Поселили нас в писательской резиденции в Ванзее. Мы с Левой гуляем, он показывает мне здание неподалеку, говорит: «Здесь принималось „окончательное решение“. — Какое решение? — не понимаю я. — Ты что, не знаешь? — Лева был страшно удивлен. — Нет. — Окончательное решение еврейского вопроса». И я, конечно, смутно вспоминаю. Это же 2000 год, а то — далекая, давно не актуальная история! Это сейчас книги о той истории становятся бестселлерами (первым был, кажется, роман [Джонатана] Литтелла «Благоволительницы», потом пошли документальные [романы Себастьяна] Хафнера, [Николаса] Старгардта, [Симона] Вейля), и никому ничего объяснять не нужно.
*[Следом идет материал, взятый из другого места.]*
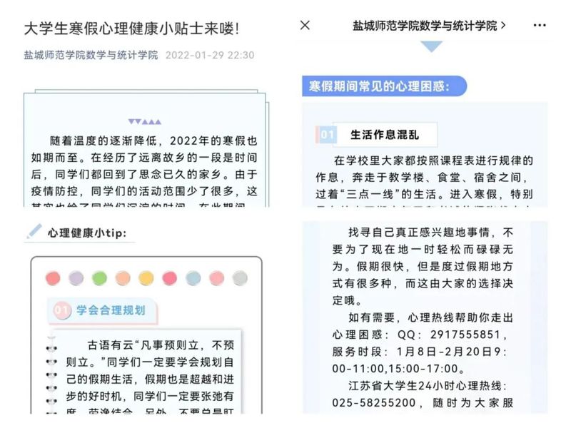 为帮助员工做好假期自我调适,学院通过微信公众号发布了寒假心理健康小贴士,提醒员工寒假容易发生的心理困惑,提供学会合理规划、培养沟通能力、丰富业余生活、假期自我调整等方面的建议,帮助员工更有意义地度过假期。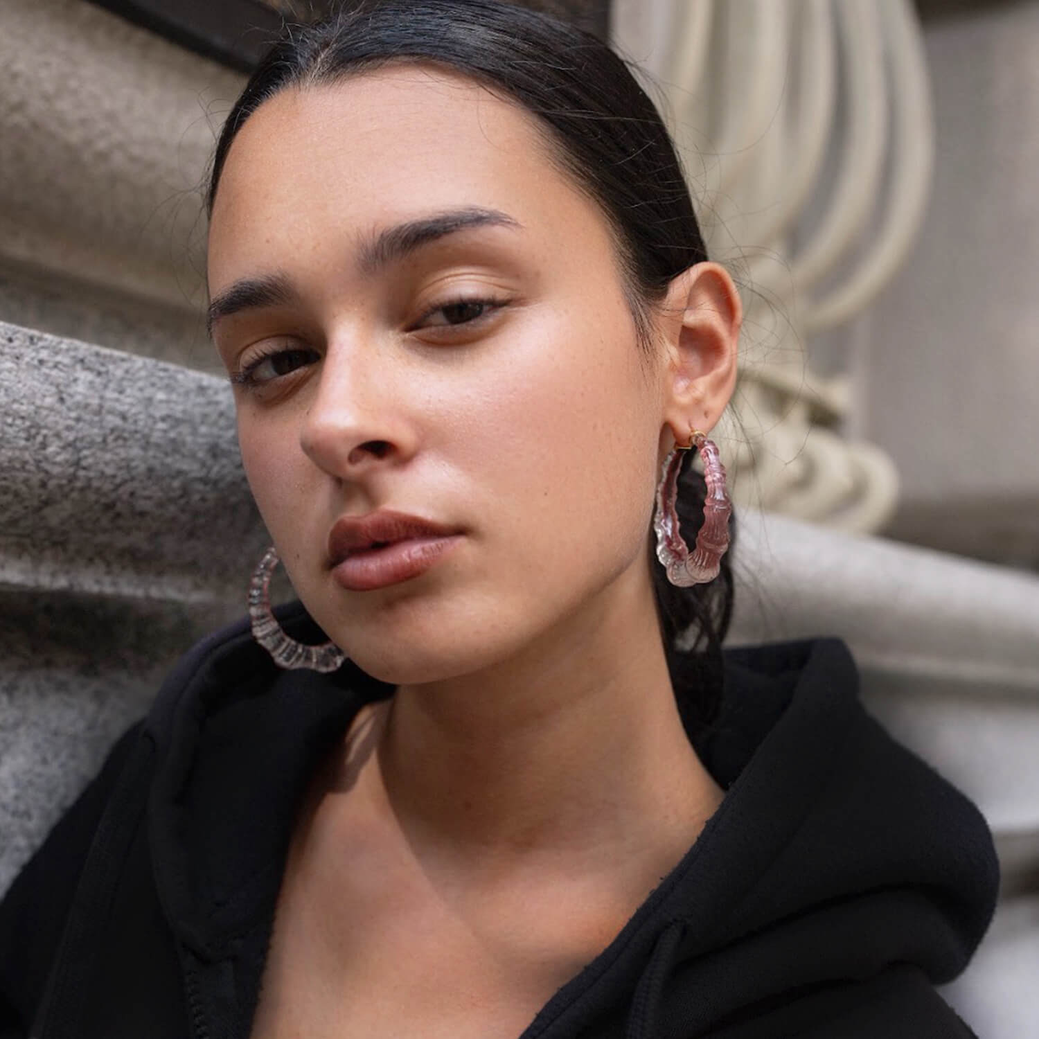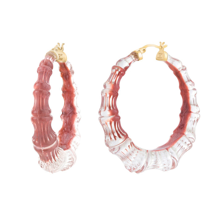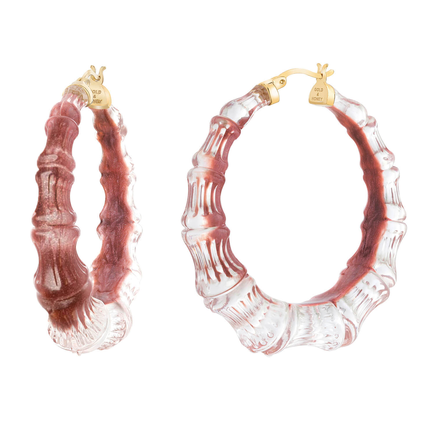 These Bamboo Illusion Hoop Earrings by Gold & Honey are a classic 90s hoop with a twist. The glass-like lucite and hand-painted cocoa brown enamel give these hoops a color pop and shine, making them a true must-have. When you look at them from the front, they are a vibrant, full color, and when you turn to the side, they are clear, providing a unique illusion effect. These earrings are a fun, bold statement piece that everyone will love.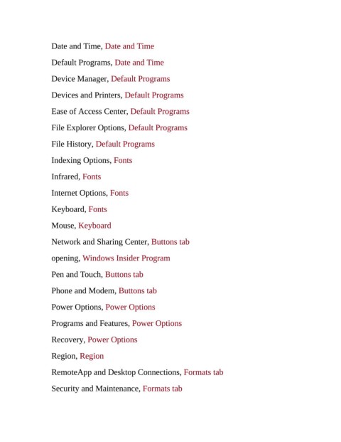Default Programs, Date and Time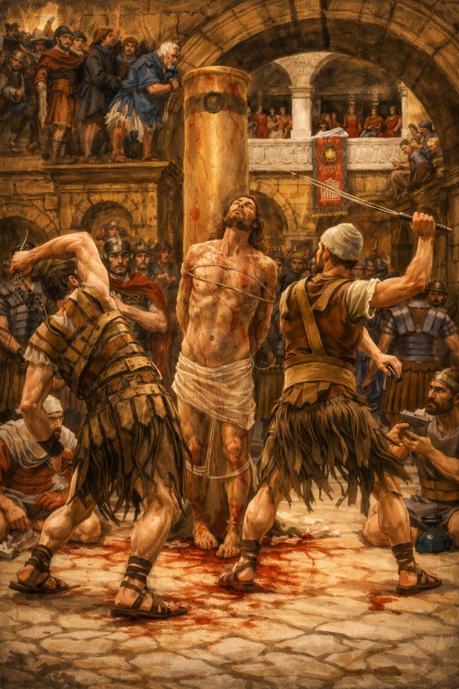 Пилат приказал бичевать Иисуса (обыкновенно бичевание предшествовало распятию).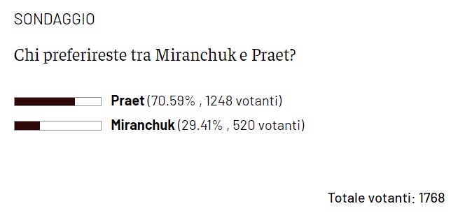 I risultati del sondaggio nel quale avevamo chiesto ai nostri lettori di Toro News la loro personale preferenza tra Miranchuk e Praet.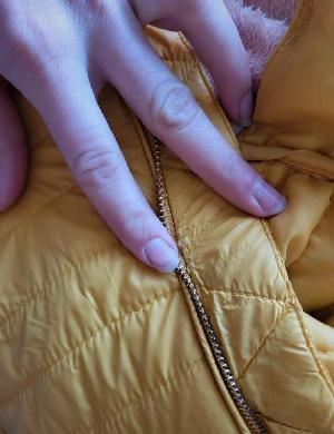 -chybička: z vnútornej strany ako je zips sú 2 dierky viď fotka (zasekol sa tam zips), keďže je to zvnútra a za zipsom pri nosení to nie je vôbec vidieť

Возвращаемся мы с прогулки, а в резиденции небольшой переполох: в России собираются вернуть советский гимн. Мы все пишем письмо, что мы против, а потом в течение многих лет Лева и я подписываем одни и те же письма — правда, без толку. Лева переходит к политическому (как когда-то участвовал в художественном) акционизму. Тоже без толку. Но Лева — человек действия, и он начинает выступать с песнями военных лет, он хорошо поет. А потом — с чтением своих карточек, которыми теперь увлеклось новое поколение.
«Приемная семья» обрастает потомством. И все написанное Левой издается книгами, хотя, как он сказал в одном интервью, он «хотел делать вещи самодостаточные, которые не требуют книгоиздания». Но это было в советское время, когда об издании подобных текстов речи быть не могло. И кто знает, проживи Лева дольше, может, и его книги стали бы изымать из продажи, как сегодня это происходит с книгами его близких друзей.
Уезжать из Москвы он никогда не хотел. Помню, стоим мы с ним перед каким-то вечером в клубе «Китайский летчик» лет десять назад, когда разные общие знакомые начали уезжать или обзаводиться «запасными аэродромами». Я спрашиваю: «Ты сделал себе израильский паспорт? — Нет, — говорит Лева. — Почему? Многие же сейчас… — Ну, вот я могу сделать себе такой паспорт, а ты не можешь, так же нечестно!»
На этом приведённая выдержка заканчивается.